Par où commencer ? Avec ce conducteur se précipitant vers un agent de la voirie départementale pour le contraindre à s’arrêter ? Par ces trois automobilistes proférant chacun des menaces de mort, du type « si tu ne bouges pas de là, je t’écrase » et « je vais chercher mon arme et je te fume » ? Ou avec ces invectives et insultes quotidiennes, devenues si banales que les ouvriers portant des gilets jaunes n’y prêtent même plus attention ?
Mais peut-être faudrait-il commencer par l’après-midi du 13 novembre. Près des Ponts-Neufs, à Morieux, la route est bloquée. Une équipe du service départemental réalise des travaux de construction d’un rond-point. La suite est racontée par Alain Émery, technicien de travaux depuis 30 ans : « Je suis venu vérifier que le chantier était fermé pour la nuit. Parce que le lendemain matin, très tôt, on déversait des trottoirs. Sauf que, quand je suis passé, j’ai vu des fous… »
“Je ne laisse pas mes gars au milieu de ce désordre”
Face à lui, le responsable du chantier découvre une véritable émeute routière. Exaspérés de ne pouvoir dépasser, les automobilistes ont poussé les imposants balises rouges et blanches qui leur barraient la route jusqu’au milieu de la chaussée. «C’était une partie de bowling. Il y avait des voitures partout, avec des blocs au milieu. Certains roulaient dans la mauvaise direction. » Alain Émery et son équipe tentent alors de rétablir l’ordre… au péril de leur vie. « J’ai finalement appelé mon manager pour lui dire que je ne laissais pas mes gars au milieu de ce désordre. C’était la première fois de ma carrière, mais ça devenait trop dangereux. »
Dix jours plus tard, les travaux touchent à leur fin. Mais pour les responsables routiers présents, le chantier des Ponts-Neufs restera comme une étape supplémentaire franchie en termes de comportement des automobilistes.
« On a peut-être des Gilets jaunes, mais on est parfois en danger de mort »
«Nous avons eu des déboires pendant toutes les phases des travaux», explique Franck Bourdais, le directeur des infrastructures du Conseil départemental. « Durant les deux nuits où nous avons dû fermer, il y a eu des comportements inacceptables.

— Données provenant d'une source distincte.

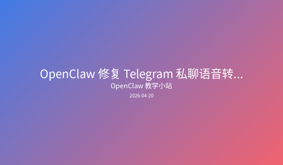 OpenClaw 最新版本修复了一个影响用户体验的关键问题——Telegram 私聊(DM)中的语音消息现在可以正常转录为文字了。此前,只有群聊中的语音消息会被自动转录,私聊发送的语音则显示为无法读取的 占位符。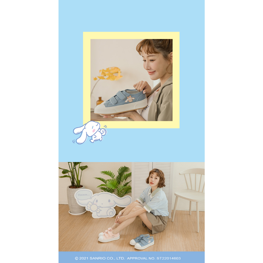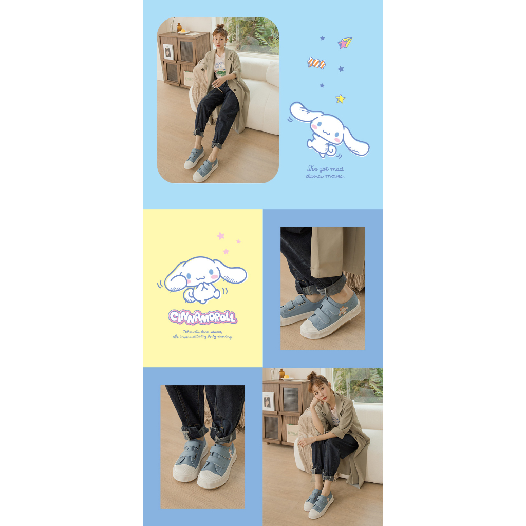 Paidal x Cinnamoroll 大耳狗喜拿英國旗魔鬼氈厚底休閒鞋帆布鞋-藍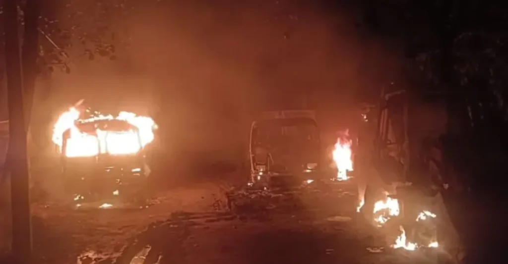 प्राप्त जानकारी के अनुसार, अज्ञात अपराधियों ने सोमवार रात करीब एक बजे निर्माण स्थल पर धावा बोला। उस समय वहां मौजूद मजदूर और मुंशी जान बचाकर भागे। हमलावरों ने मौके पर खड़ी दो जेसीबी मशीन, दो डंपर, एक ग्रेडर, एक पानी टैंकर और एक जनरेटर को आग के हवाले कर दिया।

Comme les gens n’étaient pas contents d’être détournés, ils ont enlevé les blocages et sont arrivés sur le chantier”, poursuit le responsable du service, avant de rappeler : “Ils se mettent en danger, mais ils mettent surtout en danger les travailleurs.”

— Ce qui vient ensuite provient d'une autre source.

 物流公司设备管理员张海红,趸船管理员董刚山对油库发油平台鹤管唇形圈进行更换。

Pourquoi la situation a-t-elle dégénéré à ce point ? Peut-être en raison de la durée du chantier, démarré en janvier dernier, sur un tracé habituellement emprunté par 15 000 véhicules par jour et permettant d’accéder à Pléneuf-Val-André, Erquy et Cap Fréhel.
Mais de manière générale, Franck Bourdais observe « une augmentation des incivilités sur les chantiers. On sent que les gens sont plus agressifs. Ils ne supportent pas le moindre inconfort dans leurs mouvements quotidiens. Même si nous portons des gilets jaunes et sommes visibles, nous sommes parfois en danger de mort sur le bord des routes.»
“Quand ils voient qu’on essaie de les filmer, ça les rend encore plus fous”
Et face à ces comportements, il existe très peu de solutions. « Pour porter plainte, il faut avoir un justificatif et l’identité du conducteur. Or, lorsqu’un automobiliste se précipite sur vous, vous pensez avant tout à votre sécurité, pas à prendre sa plaque d’immatriculation », explique André Coënt, vice-président du Département chargé des infrastructures.
Et pas question d’utiliser une caméra : « Quand ils voient qu’on essaie de les filmer, ça les rend encore plus fous », déplore Alain Émery. Reste l’appel à la police. « Nous le faisons parfois et généralement, ça se calme tout de suite. Mais on ne peut pas le systématiser », conclut Franck Bourdais.